Tick from Asia, that can carry a deadly virus, found on calf at Virginia farm


by Elizabeth Tyree

Wednesday, May 16th 2018



(Photo: New Jersey Department of Agriculture)
AA


ALBERMARLE Co., Va. (WSET) -- The Virginia Department of Agriculture and Consumer Services said the National Veterinary Services Laboratory in Iowa confirmed an exotic tick was found on a cattle farm in Albemarle County.


The Haemaphysalis longicornis tick (otherwise known as the East Asian or Longhorned tick) was on an orphaned calf on a beef farm on May 14.


The Agriculture Department said the ticks are a serious pest to livestock, wildlife, pets, and humans and can spread diseases to humans and animals.

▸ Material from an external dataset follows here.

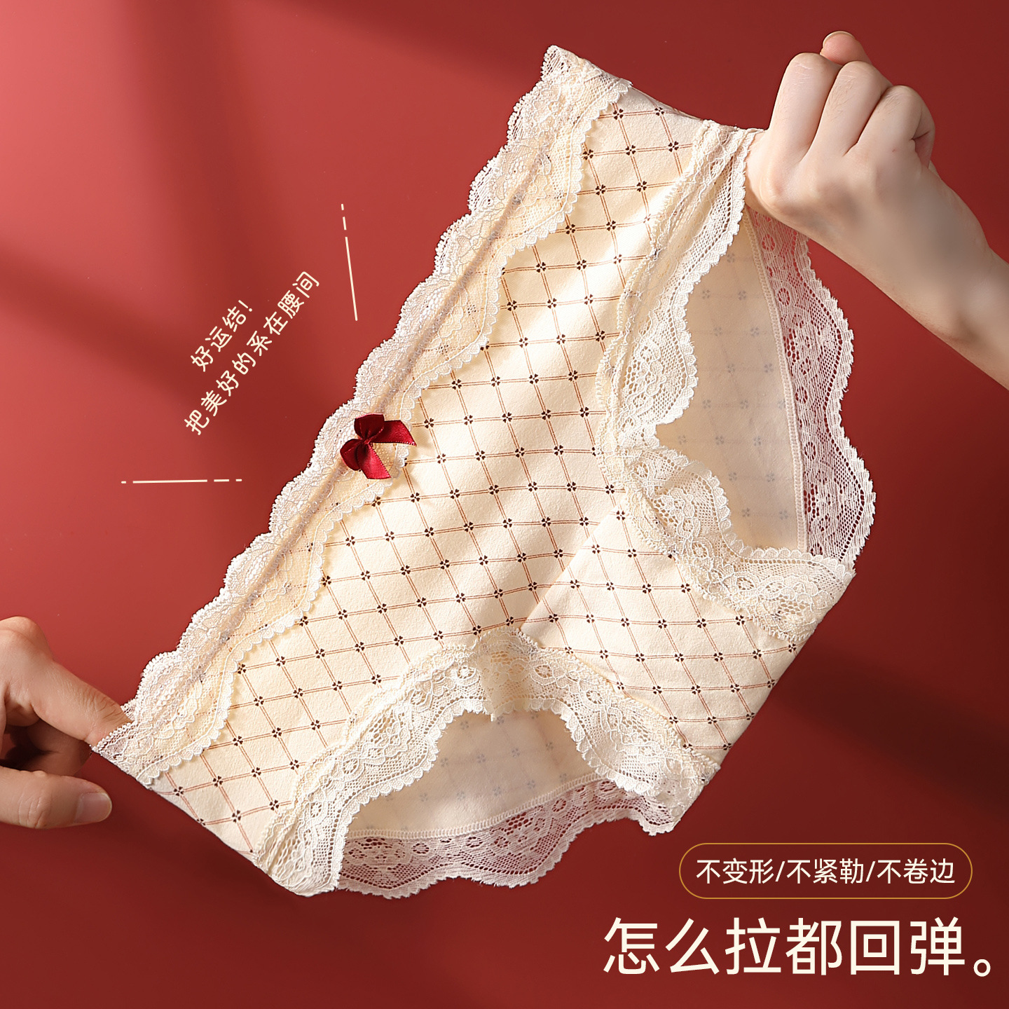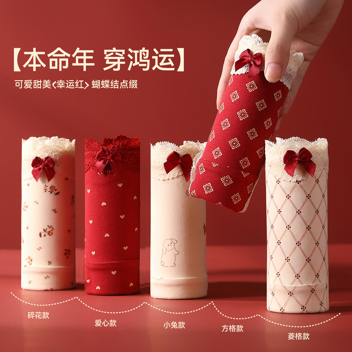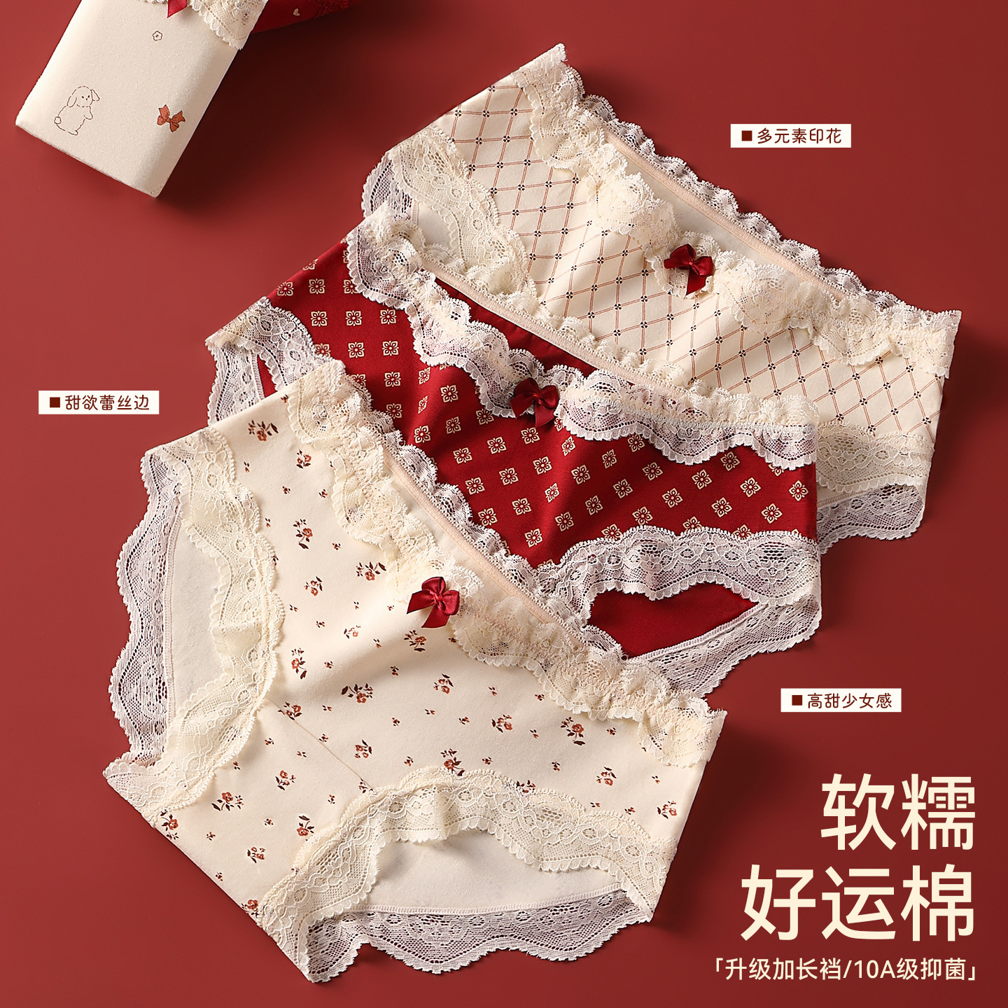 本命年红性感蝴蝶结女士内裤小清新女无痕蕾丝边少女甜美三角裤

They're particularly dangerous to cattle because they transmit a disease called Theileriosis, which can cause severe anemia or death.

In 2017, VDACS said the ticks were found initially in New Jersey.

No known direct link exists from the Virginia farm to the area in New Jersey where the tick appeared on a sheep farm, they said.

Virginia state veterinary officials said they will work with the U.S. Department of Agriculture and other federal and industry partners to determine the extent and significance of this finding.

They ask livestock producers and owners to notify VDACS if they notice any unusual ticks that have not been seen before or if there is a large number of ticks on an individual animal.

Common ticks in Virginia include the American Dog Tick, Lone Star Tick, and Deer Tick.

Ticks can carry diseases that include Rocky Mountain Spotted Fever, Lyme Disease, and Ehrlichiosis/Anaplasmosis.

Typically, ticks are seen the most in spring and fall, but can persist through all four seasons, especially in warmer weather, VDACS said.